DUCCIO MUCCIARELLI di Rodolfo Nicodemi
E
bravo il nostro Rodolfo Nicodemi; scrivo ‘nostro’ perché è varesino, meglio,
milanese di nascita e varesino di adozione. Bravo perché? Perché già mi aveva
convinto con la sua raccolta di racconti ‘L’estate di San Martino’, un’opera di
narrativa che aveva favorevolmente impressionato, prima di me, la giuria del
Premio Chiara Inediti 2025, scegliendo quel manoscritto come vincitore,
pubblicato poi da Macchione. Intrigato da questo ‘seminatore di tracce’ (così
ama definirsi Nicodemi) sono andato alla ricerca di altre sue tracce, non
molte, visto che prima de ‘L’estate di San Martino’ aveva pubblicato un solo
libro, un romanzo, uscito nel 2023 per 0111 Edizioni. Eccolo dunque il romance
storico, ‘Duccio Mucciarelli’. Sottotitolo: il ‘900 privato di un reazionario
sentimentale.
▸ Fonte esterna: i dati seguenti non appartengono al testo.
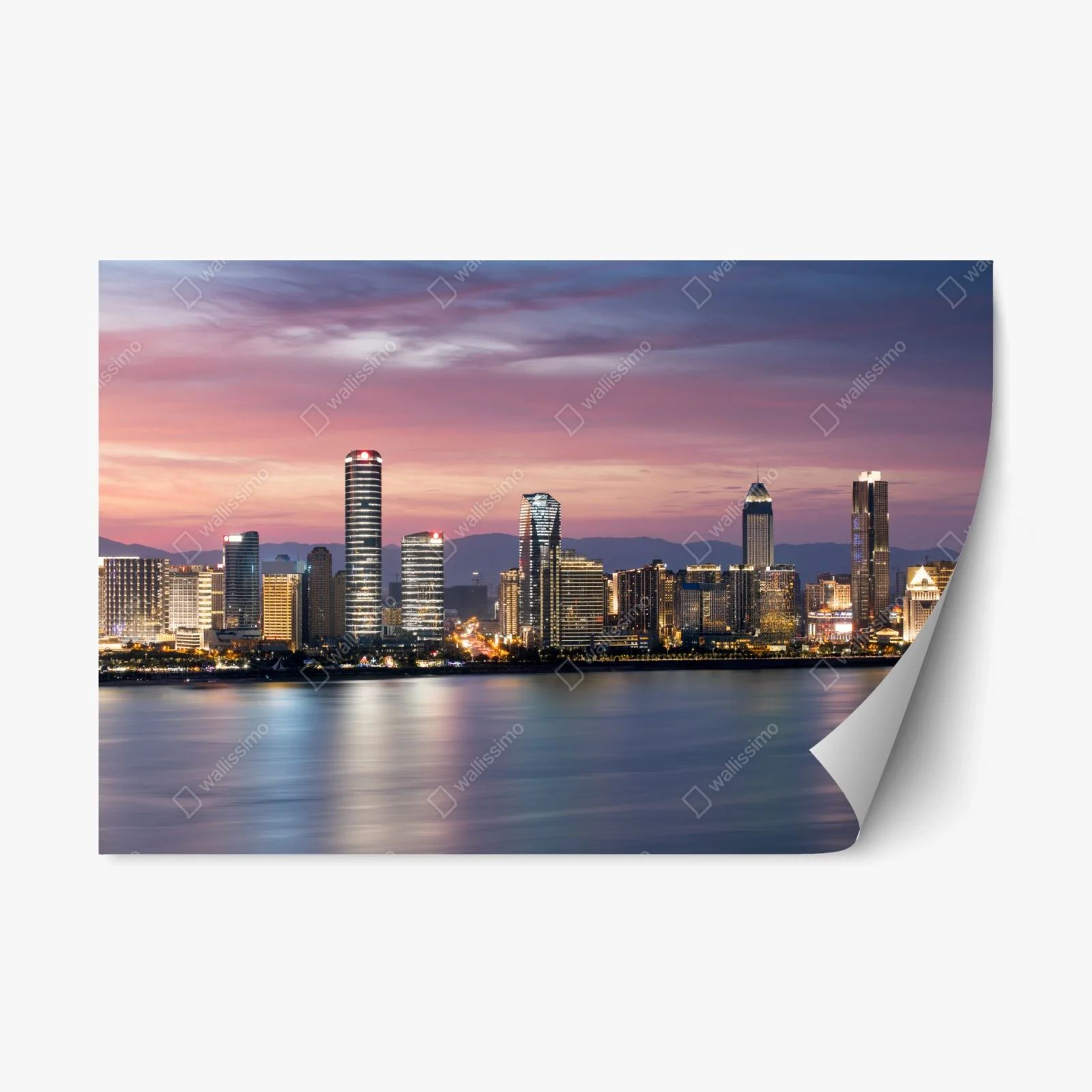 Repositionable sticker Tranquil city skyline at dusk
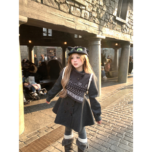 a02黑猫系列黑色假两件连衣裙女2025新款 宽松设计感卫衣裙子 秋季
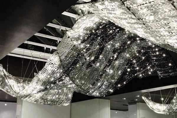 הגלריה הלבנה ברומא בעיצובם של קארים רשיד ומיקלה ויאנלו ליצירת המשטח הגמיש סייעו הרקע האמנותי של ויאנלו וניסיון שצברה בתחומי קינטיקה ואופטיקה, אשר אפשרו לה "להזיז" את הצבעים, טון אחר טון, במה שנראה כקו מובנה, ואת רעיון עיצובו היא מתארת כ"איזון בין כוחות, המתאחדים ליצירת תנועה רכה, עוטפת ומרחפת, כאשר זרימתה בין נקודות וקווים מוגדרים רוקמת טקסטורה של צורה וצבע שמטרתה ליצור שיווי משקל ויזואלי". גוף התאורה הדקורטיבי הזה הוא משטח פיסולי המורכב מ- 6000 ק"ג של זכוכית, מתכת וטכנולוגיה, המכסה 60 מ"ר משטח תקרת הגלריה, וכולל כ-80.000 יחידות Knit שיוצרו בעבודת יד. הקונסטרוקציה מורכבת ממסילות מתכת בחיתוך לייזר וגימור מראה המייצרות תחושת תנועה, כשעליהן מותקנות בהצלבה קורות עדינות. האלמנטים הזכוכיתיים מעוגנים לקורות באמצעות אביזר טכני, שעוצב ויוצר לצורך זה ע"י חברת אנדרומדה, והאור שמופץ מהמשטח מתקבל מ-5000 נורות הלוגן הפזורות כרשת שחוצה את חלקו הפנימי. בהלך הרוח של העידן העכשווי, בו צרכנים מודעים לרובדי תוכן חדשניים וייחודיים ואף דורשים אותם, יישר הפרויקט קו עם חזון החדשנות של חברת "אנדרומדה", בעלת מסורת רבת שנים בייצור זכוכית מורנו, אשר ייצרה את האלמנט והמשטח. הרבה משאבים, אומרים בחברה, מושקעים במחקר טכני/טכנולוגי ובהגדרת תכנים אמנותיים שנועדו לענות על ציפיות לאסתטיקה ולפרוץ גבולות חדשים. פרויקטים דוגמת ה-Fluxus, גולשים מעבר למוכר והידוע, וניתן לתאר אותם כהשראה להגדרת סביבה חדשה בה אמנות, עיצוב ויכולות ביצוע גבוהות מקיימות דיאלוג מרתק כמו זה המתקיים בחלל הגלריה הלבנה.
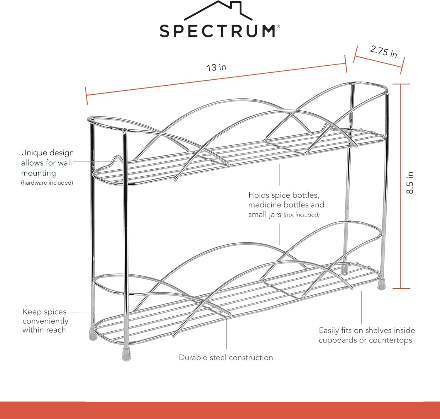 - Streamlined, Stylish Design: The simple, minimalist design of the Spectrum Countertop & Wall Mount Spice Rack is the perfect wire spice rack to organize your kitchen in style. 2-tier in chrome.
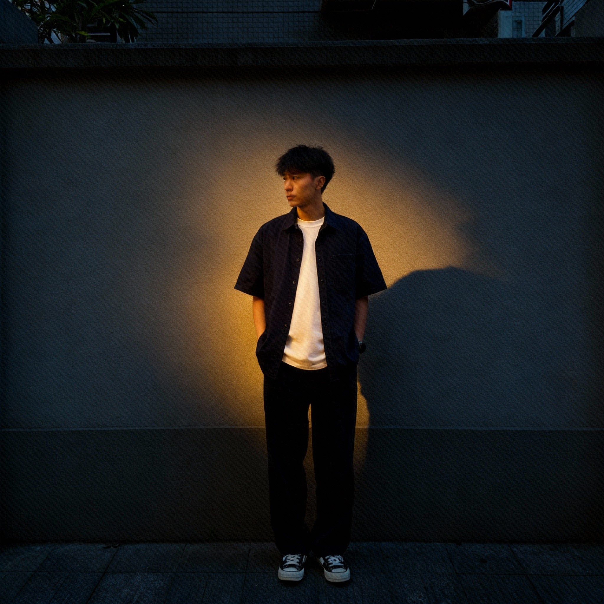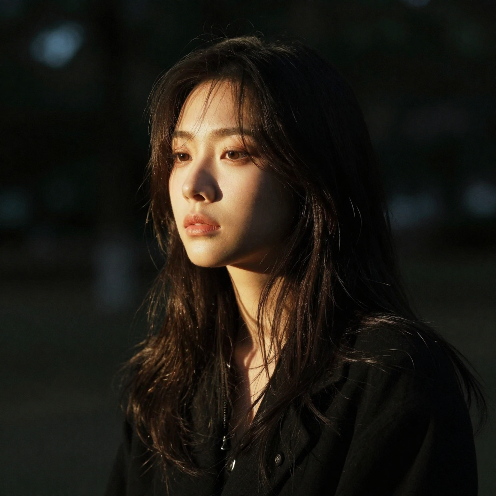 Prompt: Apply the dramatic lighting style from the female portrait reference image to the outdoor street scene.
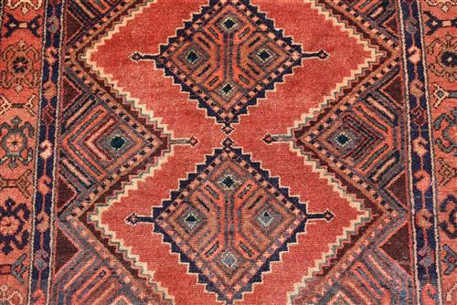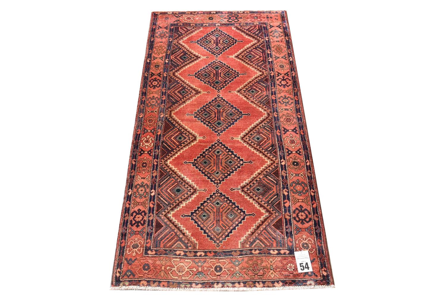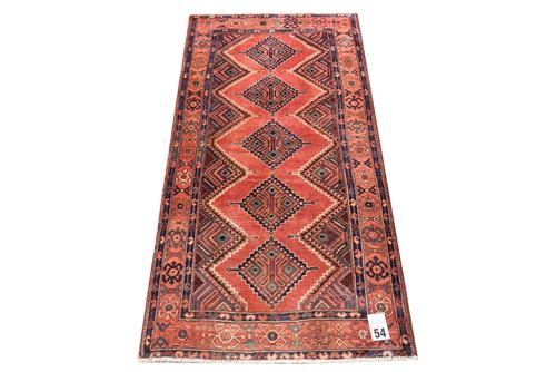 A FINELY HAND KNOTTED PERSIAN ZAGHEH RUG, 100% DENSE WOOL PILE IN EXCELLENT CONDITION, VILLAGE WEAVE WITH TRIBAL DESIGN OF ANCHORED DIAMOND SHAPED MEDALLIONS AND SEMI MEDALLIONS IN AN OPEN RED FIELD, BORDER OF TRIBAL MOTIFS, SIZE 224 X 109 CM, ORIGIN IRAN, RRP $1,600
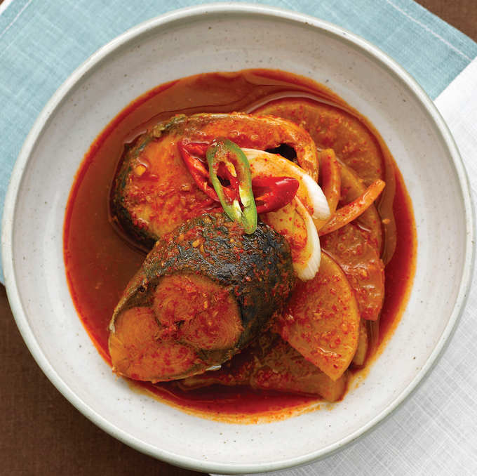 炖青花鱼的调料酱是用酱油和辣椒粉或辣椒酱调配而成的。因青花鱼腥味较浓,要放入足量的大蒜和生姜来去腥。烹制方法与辣炖带鱼大致相同,将萝卜和土豆铺在锅底,青花鱼切段儿摆在上面,再加入辣味调味酱炖煮,其中土豆可谓是青花鱼的绝佳搭档。近来,陈泡菜炖青花 也深受人们的追捧,将陈泡菜铺在锅底,加入配有大酱的调味酱煮制。炖青花鱼,关键在于去腥。放入足量的大蒜和生姜,或用陈泡菜、大酱提味。

E chi sarebbe questo Duccio? Visto che il libro è dedicato al
padre dell’autore, e che Nicodemi ha una convinzione (in fondo non si scrive
che di se stessi), non mi è difficile supporre che Duccio sia suo padre, non so
quanto romanzato, non so quanto reale. E del resto i conti tornano. Nicodemi si
definisce per tre quarti varesino e per un quarto toscano, e la vicenda viaggia
proprio fra Lombardia (Varese in particolare), la Toscana e la Liguria. Come in
ogni buona saga familiare, entrano in scena molti personaggi, tanto che alla
fine del volume abbiamo l’elenco completo. Salgono in cattedra nonno Giovanni,
nonna Maria, e Silvio (il padre di Duccio) e gli zii eccetera eccetera. E poi
abbiamo Nerina e Marina e Sofia (mamma di Duccio) e tante altre donne, perché
il gentil sesso (già nella raccolta di racconti citata) non è affatto estraneo
a Rodolfo, che non nasconde di esserne affascinato: almeno stando a ciò che
scrive. La vicenda è articolata, copre tutto il ‘900, arriva sino ai primi anni
del nuovo Millennio, scorre come un torrente di montagna che, superato il
tratto iniziale tutto balzi e schiuma, un poco si quieta incontrando le prime
dolcezze della pianura. Il romanzo è ben scritto per due ragioni. Anzitutto
perché Rodolfo Nicodemi sa scrivere, e non è poco, tenuto conto che ha
cominciato da cinque anni a praticare quest’arte, approfittando della chiusura
da Covid e della sopraggiunta pensione. E poi per la motivazione, che non è
certo quella del denaro e della gloria imperitura. Quando si superano i settant’anni
generalmente ci si imbatte in alcuni vissuti. Uno è potente: il bisogno di fare
memoria. Lo si deve a chi ci ha generato, a chi è venuto prima di noi, a chi ha
contribuito alla nostra crescita, a chi davvero è stato importante perché
entrato nella nostra vita nel tempo memorabile della giovinezza. Fare memoria,
che è come dire: io mi ricordo di voi, ne parlo, con la speranza che altri si
ricorderanno di me. E cosa c’è, più di un libro, per lasciare una traccia
concreta? Una narrazione scritta e stampata è un oggetto vivo, che pulsa fra le
dita, che può emozionare, che riattualizza il passato, che rivela segreti. Un
romanzo è uno specchio, e se in qualche modo ci si riconosce può fare del bene.